The connection between The Secret and Buddhism may not be altogether clear, but it’s there. I have a fiend who works a large Buddhist bookshop in Los Angeles. A couple years ago she told me that The Secret basically kept the store afloat. The store’s impressive stock of just about every Buddhist book currently in print wasn’t selling for sour beans, but copies of The Secret were flying out the doors so fast they could barely keep it in stock.The authors of The Secret draw upon the general public’s vague understanding of the Hindu/Buddhist concept of karma, couple that with a few mystical sounding pseudo-spiritual superstitions and latch it all on to that perennial best-seller greed. The result is a vaguely Eastern sounding philosophy that says just wish for something real hard and it’ll come to you. If you want that BMW bad enough, picture it in your mind’s eye and you’ll get it.In the Family Guy episode Brian watches as his novel tanks while books about this kind of soft-soap spirituality sell by the truckload. So he cynically puts together his own version of the same thing and it’s a big hit. Sadly, this is not so far removed from what’s really happening.
My friend Brucekowski (thus dubbed because his name is Bruce and his writing showed the influence of Bukowski) and I hatched a similar scheme many years ago, as we sat there watching hippie burnouts and self-absorbed yuppies attempt to save the Earth by throwing all their recyclables in the wrong bins.

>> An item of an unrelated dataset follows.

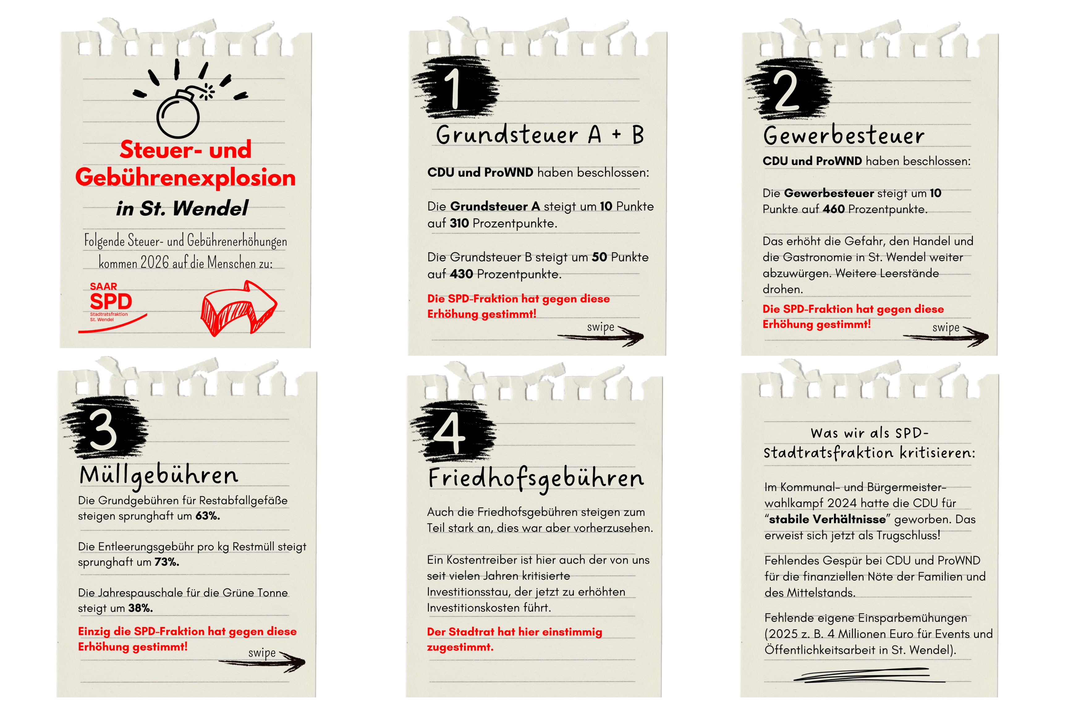 Besonders deutlich kritisiert Müller den Widerspruch zum Kommunal- und Bürgermeisterwahlkampf 2024. Damals hatten CDU und Bürgermeister mit dem Slogan „Stabile Verhältnisse“ geworben und den Bürgerinnen und Bürgern zugesichert, dass Gebühren und Abgaben in Sankt Wendel stabil bleiben würden.

Being within driving distance of presidential estates like Monticello (Jefferson), Ash Lawn (Monroe), Montpelier (Madison), and even Mount Vernon (Washington) at a stretch, our idea was to gather rocks, dirt, sticks and moss (and maybe even gravestone chippings) from the grounds and sell them in little baggies, which would be placed under pillows or dangled from rearview mirrors, where they would emanate that Founding Father aura to… I dunno, make you smarter, more eloquent, virile, you name it. We didn’t really get that far with the plan. But of course we immediately saw the potential for workbooks, $4.99/min. phone lines, and other additional merchandising tie-ins. Smooth operators are standing by…
So, what do you say? I mean, here I am blathering on a blog for my own amusement, and obviously you all don’t have anything better to do if you’re reading this. And we could all use some extra money, yes? So are we going to put our heads together and bring this idea to fruition or what? If it sounds unscrupulous to you, think of it this way: at least we’d be preventing people from spending that money on The Secret. We would use our newfound wealth for good, not evil!